ACTIVITY: All that is wanted is the exact text of the lines below from the one with "Hetk kokkutuleku avamiselt." through the one with "Sairaala-alueella toimineesta Kiinamylystä", inclusive, minus any pictures.

AVAILABLE DATA:

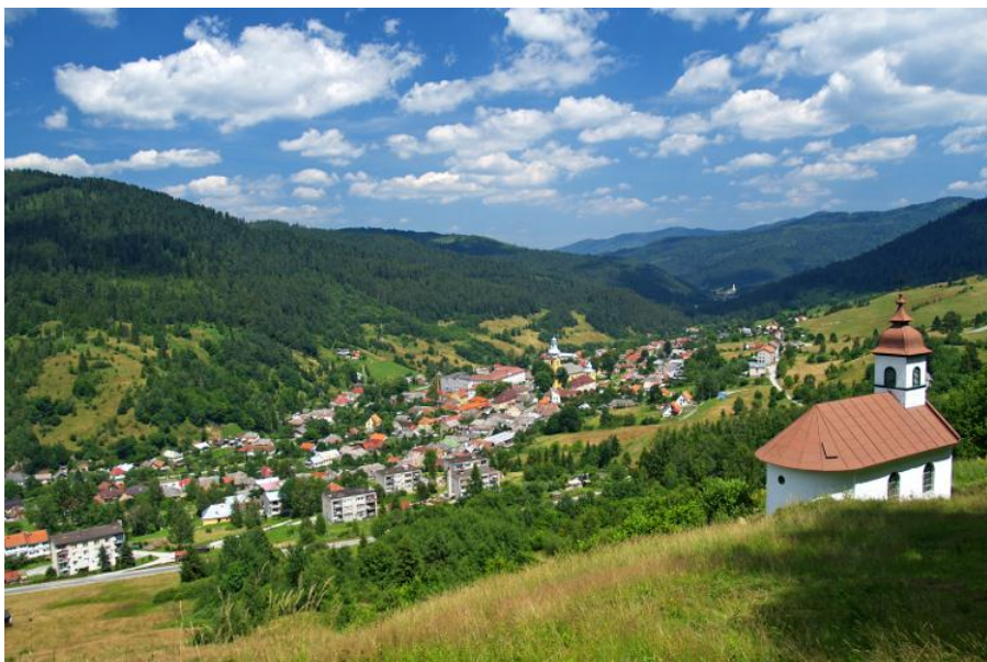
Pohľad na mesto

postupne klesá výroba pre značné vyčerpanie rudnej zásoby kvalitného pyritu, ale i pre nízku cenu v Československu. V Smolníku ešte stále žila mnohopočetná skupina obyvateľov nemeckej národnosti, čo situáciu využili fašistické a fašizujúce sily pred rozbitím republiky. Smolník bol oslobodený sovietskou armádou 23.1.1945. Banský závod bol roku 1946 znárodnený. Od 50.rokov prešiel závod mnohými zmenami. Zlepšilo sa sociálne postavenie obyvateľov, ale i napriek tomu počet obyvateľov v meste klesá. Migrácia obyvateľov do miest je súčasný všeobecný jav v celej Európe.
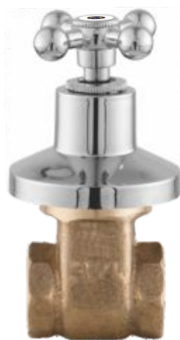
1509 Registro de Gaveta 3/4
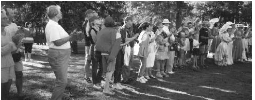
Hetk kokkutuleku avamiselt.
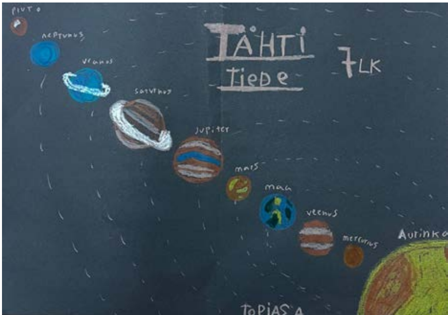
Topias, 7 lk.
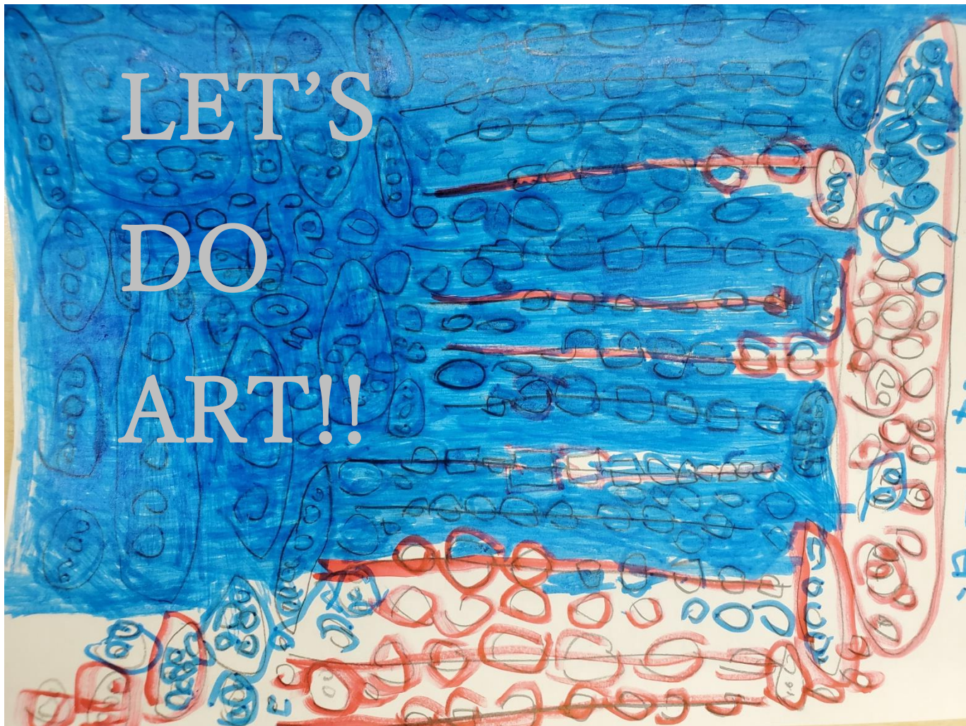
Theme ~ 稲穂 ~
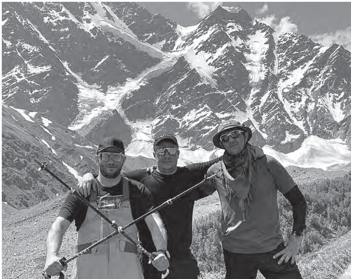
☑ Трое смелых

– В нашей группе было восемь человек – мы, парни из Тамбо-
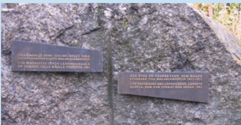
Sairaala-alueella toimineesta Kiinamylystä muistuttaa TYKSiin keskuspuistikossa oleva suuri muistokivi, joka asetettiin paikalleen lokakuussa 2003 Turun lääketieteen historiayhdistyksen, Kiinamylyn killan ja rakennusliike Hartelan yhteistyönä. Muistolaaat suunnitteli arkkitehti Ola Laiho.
...
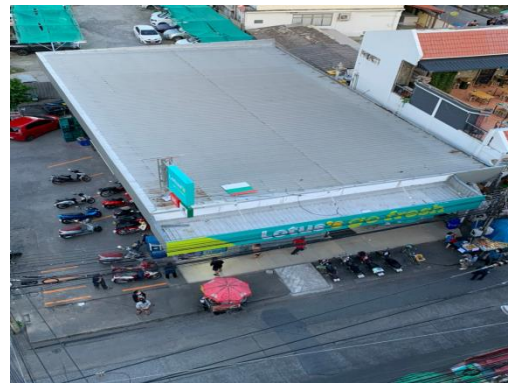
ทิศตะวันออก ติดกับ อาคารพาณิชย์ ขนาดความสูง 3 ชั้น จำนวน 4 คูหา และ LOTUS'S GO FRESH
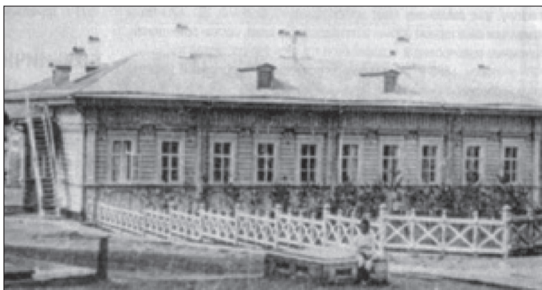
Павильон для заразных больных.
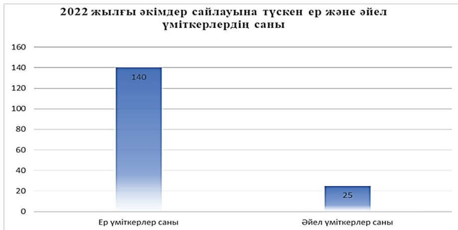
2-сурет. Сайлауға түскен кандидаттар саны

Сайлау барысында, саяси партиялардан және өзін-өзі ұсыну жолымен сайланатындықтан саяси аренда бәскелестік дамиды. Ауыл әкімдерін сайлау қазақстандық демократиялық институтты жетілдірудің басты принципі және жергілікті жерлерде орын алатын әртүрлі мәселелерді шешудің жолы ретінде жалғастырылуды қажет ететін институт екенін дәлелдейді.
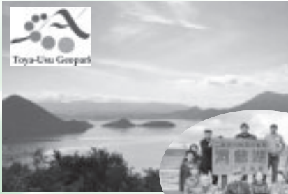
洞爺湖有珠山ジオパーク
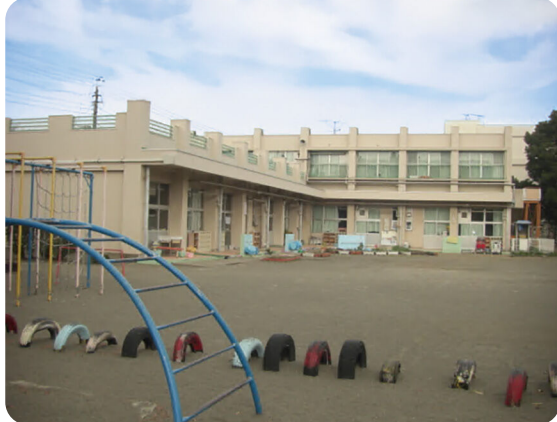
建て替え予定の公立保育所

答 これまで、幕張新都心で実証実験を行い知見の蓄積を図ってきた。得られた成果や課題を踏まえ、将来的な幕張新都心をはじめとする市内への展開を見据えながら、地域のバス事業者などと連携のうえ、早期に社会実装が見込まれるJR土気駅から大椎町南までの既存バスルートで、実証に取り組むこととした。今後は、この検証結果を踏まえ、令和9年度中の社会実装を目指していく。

ANSWER SECTION:
Hetk kokkutuleku avamiselt.
Topias, 7 lk.
Theme ~ 稲穂 ~
☑ Трое смелых

– В нашей группе было восемь человек – мы, парни из Тамбо-
Sairaala-alueella toimineesta Kiinamylystä muistuttaa TYKSiin keskuspuistikossa oleva suuri muistokivi, joka asetettiin paikalleen lokakuussa 2003 Turun lääketieteen historiayhdistyksen, Kiinamylyn killan ja rakennusliike Hartelan yhteistyönä. Muistolaaat suunnitteli arkkitehti Ola Laiho.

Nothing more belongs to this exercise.